Reggie wrote: ↑Fri Jan 28, 2022 1:53 pm
Thanks for the replies … so my two stitch and glue boats … an 18 foot dory and a center console are from a different designer … so I thought it might be inappropriate to post here.
Having said that I was given plans for the Glen L console skiff and I love the lines … so that may be in my future.
Coming back to the Riva … using the boat is definitely the intention… not restoration accolades by a bunch of purists at some annual and obscure gathering…
My question was more about how best to do the modern methods?
If one was using epoxy, fillets and glass sheathing at the waterline is there still a need for fasteners … for example.

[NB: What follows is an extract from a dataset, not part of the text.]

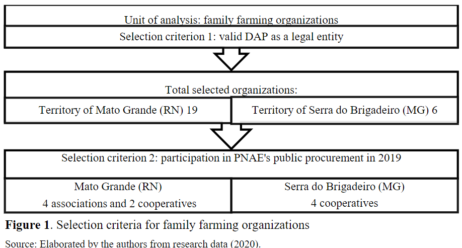This descriptive and qualitative research adopted the method of multiple-case study. According to Yin (2001), each case in a multiple-case study has a specific purpose within the global scope of the research. This study uses a comparative perspective to analyze two blocks of cases, represented by organizations located in rural territories of two Brazilian states (Rio Grande do Norte – RN and Minas Gerais –MG). Figure 1 shows the organizations’ selection criteria in the two territories, Mato Grande (RN) and Serra do Brigadeiro (MG).5 It is worth noting that the base criterion was the organization’s status in the Brazilian National Program to Strengthen Family Farming (PRONAF). The organization had to have a valid declaration of aptitude to operate within Pronaf (DAP) as a legal entity,6 which was verified by searching the website of the Special Secretariat for Family Farming and Agrarian Development (SEAD, 2019).
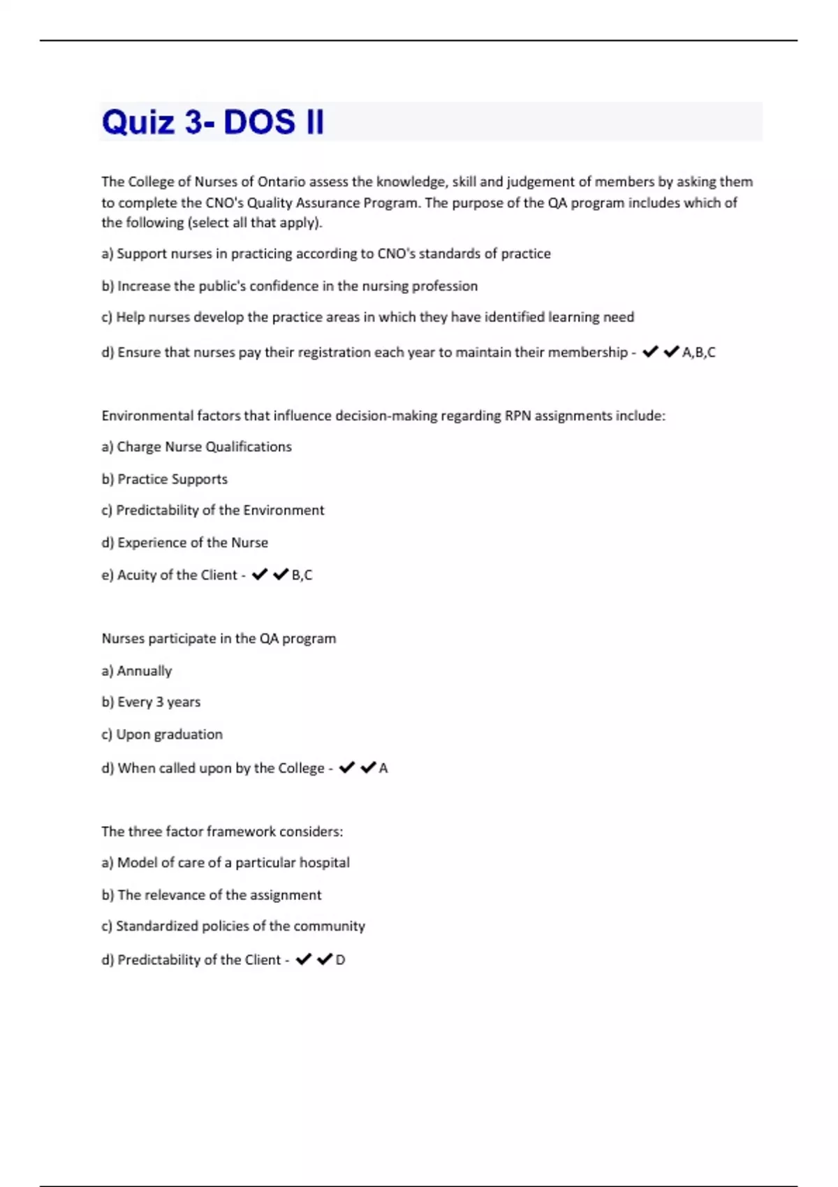The College of Nurses of Ontario assess the knowledge, skill and judgement of members by asking them to complete the CNO's Quality Assurance Program. The purpose of the QA program includes which of the following (select all that apply). a) Support nurses in practicing according to CNO's standards of practice b) Increase the public's confidence in the nursing profession c) Help nurses develop the practice areas in which they have identified learning need d) Ensure that nurses pay their registration each year to maintain their membership - A,B,C Environmental factors that influence decision-making regarding RPN assignments include: a) Charge Nurse Qualifications b) Practice Supports c) Predictability of the Environment d) Experience of the Nurse e) Acuity of the Client - B,C Nurses participate in the QA program a) Annually b) Every 3 years c) Upon graduation d) When called upon by the College - A The three factor framework considers: a) Model of care of a particular hospital b) The relevance of the assignment c) Standardized policies of the community d) Predictability of the Client - DThe Quality Assurance Program includes all except: a) Practice Reflection b) Learning Goals c) Exam d) Learning Plan - C Lucy is a RPN working on a medical unit. She is the Charge Nurse today and is formulating the assignments for the evening shift. Lucy knows she must consider the 3 factor framework when deciding Nursing assessment. Which of the following should she recognize? a) Environment is the most important factor in the 3 factor framework b) RPNs are expected to meet a wide range of nursing care needs for complex and unpredictable patients c) When consulting with a RN impacts the RPNs ability to provide efficient and appropriate care, then care should be transferred to the RN d) RPNs may autonomously care for clients for whom signs and symptoms of complications may be subtle - C How many learning goals are nurses in the General Class (RNs & RPNs) required to develop and achieve each year? a) 2 b) 3 c) 5 d) 1 - A

Should one sheath the outside and inside?
Epoxy coat only?
How will this interact with the parts of the boat that are in a more “natural way” still?
That was sort of what I wanted to discuss…
In the modern methods, that layer of waxy gunk between would now be a epoxy resin glue bonding the layers.
On the outside I would definitely epoxy 1 thin layer of glass cloth. Glass cloth if purchased correctly, applied correctly, will go clear at under 6oz/yard.
On my canoe build, I used a thinner 4oz cloth S-glass and I really like it.
Just cloth the outside. Inside is encapsulate only.
Since a good epoxy bond is stronger than the wood itself, it doesn't really matter if you leave fastners in nor take them out.
I use a lot of wire brads (brad nail gun) to hold parts together while the epoxy cures, then the brads are nearly invisible. Stainless brads can be left in, and the plastic RAPTOR brads are left in.